Journal of Physics: Conference Series, vol: 1524,1 (2020)

Backpropagation artificial neural network for prediction plant seedling growth

Pohan S., Warsito B., Suryono S.

Abstract

Prediction of the growth of plant seedlings is one of the important problems in the world in order to fulfill the availability of food for all residents. At this time Greenhouse technology has been developed which is one of the technologies that support plant growth. Unfortunately, prediction technology is still done manually so the results are not accurate. This paper proposes the Neural Network Backpropagation method to evaluate the growth of plant seedlings in the greenhouse area.

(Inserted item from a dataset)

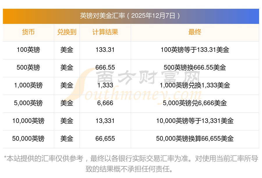 現(xiàn)在5英鎊與美元的匯率是多少?12月7日
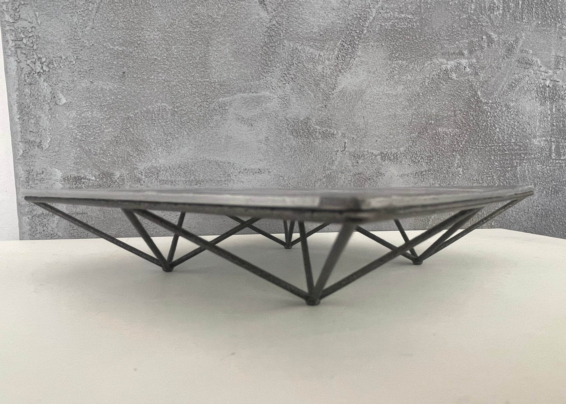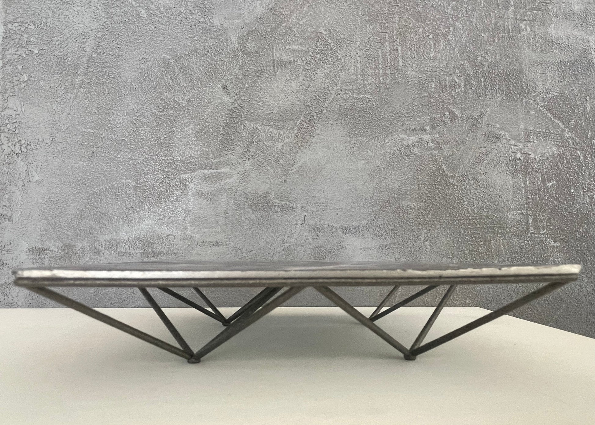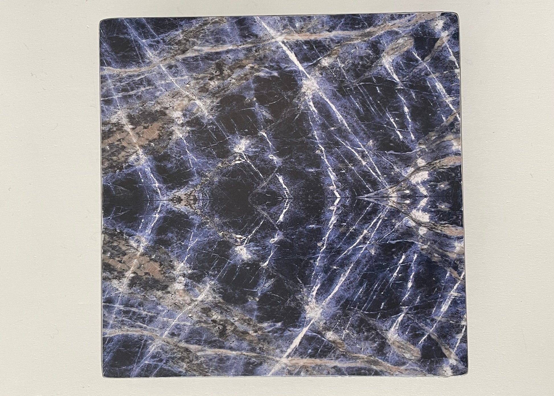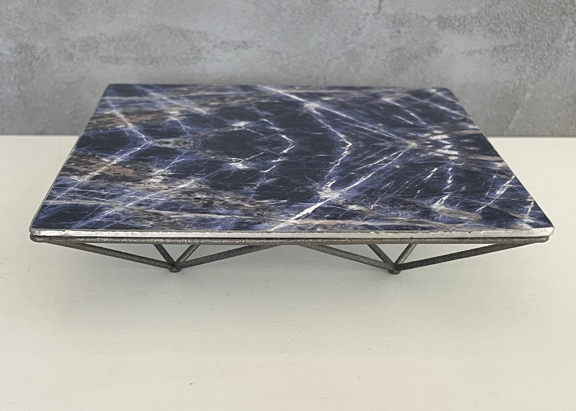 The Porter Coffee Table is perfect for displaying books and accessories in a modern seating area. Finished with a blue graphic top and silver base.

Data collected from the internet network system from temperature sensors, soil humidity, environmental humidity, light intensity and cameras to monitor growth. Seedling prediction is done by building a computer program using the neural network backpropagation algorithm based on time series that has input layer, hidden layer and output prediction architecture. Training data is used to carry out the training process before the program is used to perform predictions. Furthermore, the program is used to make predictions. The results of applying the neural network backpropagation algorithm to predict the growth of plant seedlings in the greenhouse get good results based on the first iteration Mean Squared Error (MSE) of 0.0112, with computing time 0.0193 seconds and data accuracy of 92.79%, which means that the prediction generated approximates actual data for the application of backpropagation neural network algorithms to the evaluation of plant seedling growth. © Published under licence by IOP Publishing Ltd.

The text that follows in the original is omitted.